Assignment -
Extract only the first line of the listing and every line after it up to and including the one with "This distinctive multicolor". Omit the pictures.

Supplied data -
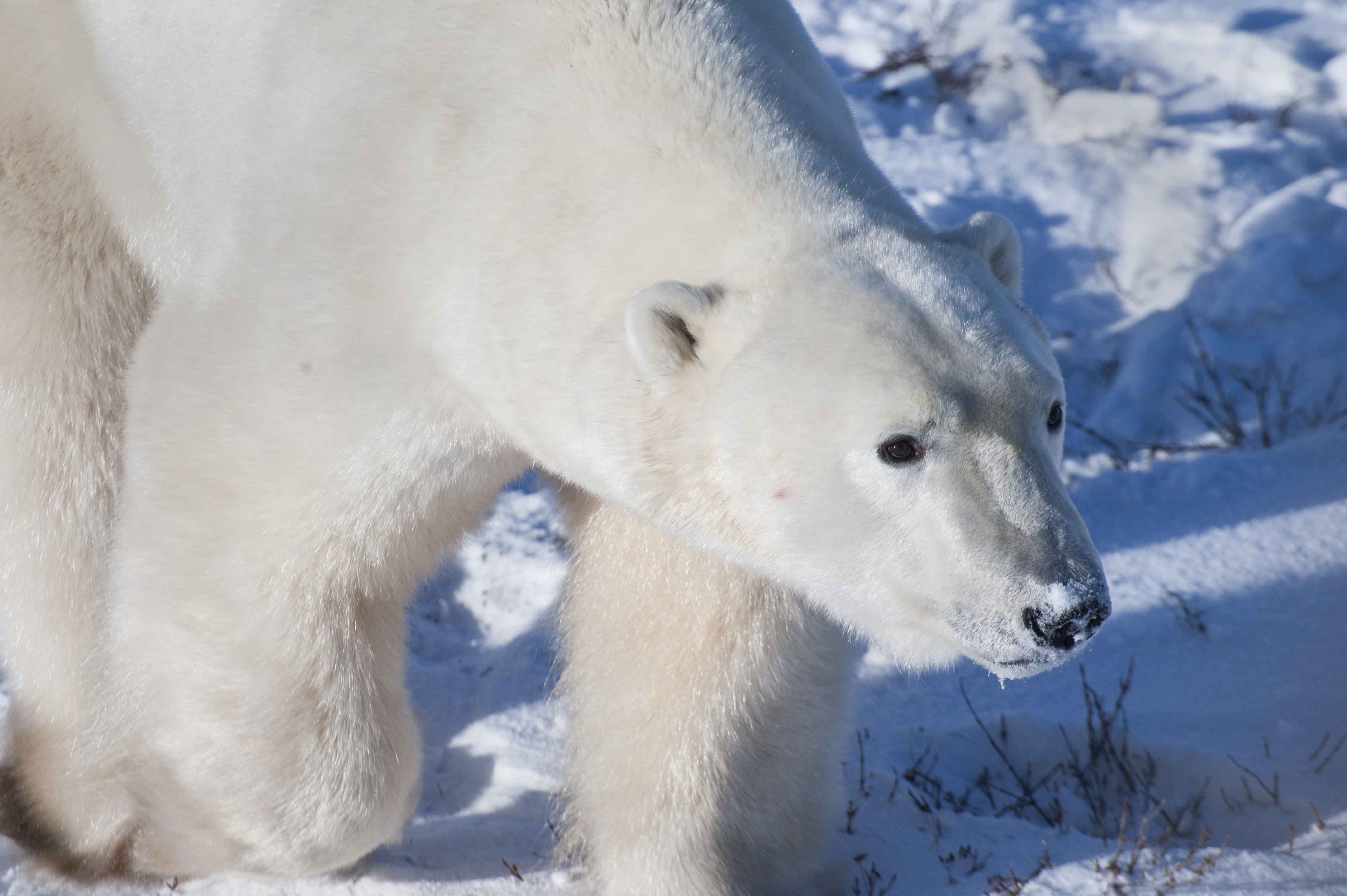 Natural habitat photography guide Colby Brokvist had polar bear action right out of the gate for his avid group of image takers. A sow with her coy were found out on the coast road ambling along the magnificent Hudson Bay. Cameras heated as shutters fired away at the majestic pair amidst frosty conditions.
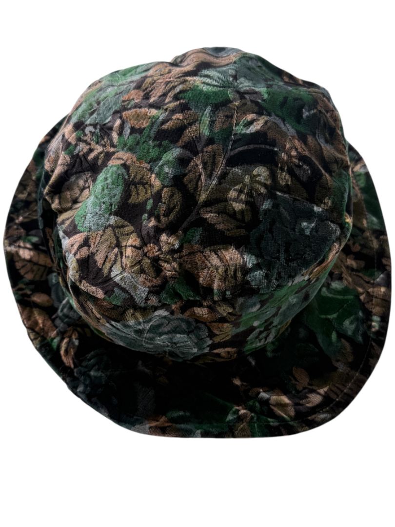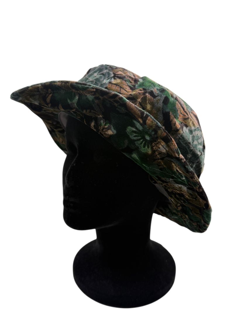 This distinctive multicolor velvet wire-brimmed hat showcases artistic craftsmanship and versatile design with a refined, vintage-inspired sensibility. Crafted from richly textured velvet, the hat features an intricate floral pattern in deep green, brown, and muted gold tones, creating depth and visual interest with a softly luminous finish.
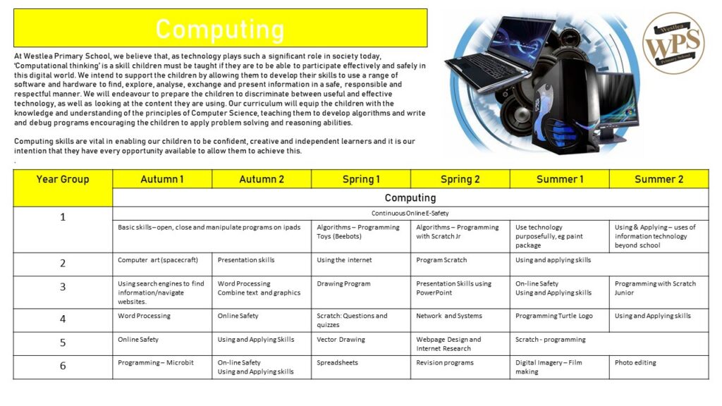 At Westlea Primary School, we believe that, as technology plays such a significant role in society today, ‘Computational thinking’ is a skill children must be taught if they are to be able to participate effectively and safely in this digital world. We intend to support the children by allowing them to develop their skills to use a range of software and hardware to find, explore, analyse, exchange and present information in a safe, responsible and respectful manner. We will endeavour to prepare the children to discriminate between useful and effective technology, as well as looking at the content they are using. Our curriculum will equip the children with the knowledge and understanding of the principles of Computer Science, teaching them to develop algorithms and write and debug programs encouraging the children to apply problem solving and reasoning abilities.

Response to the task -
 Natural habitat photography guide Colby Brokvist had polar bear action right out of the gate for his avid group of image takers. A sow with her coy were found out on the coast road ambling along the magnificent Hudson Bay. Cameras heated as shutters fired away at the majestic pair amidst frosty conditions.
 This distinctive multicolor velvet wire-brimmed hat showcases artistic craftsmanship and versatile design with a refined, vintage-inspired sensibility. Crafted from richly textured velvet, the hat features an intricate floral pattern in deep green, brown, and muted gold tones, creating depth and visual interest with a softly luminous finish.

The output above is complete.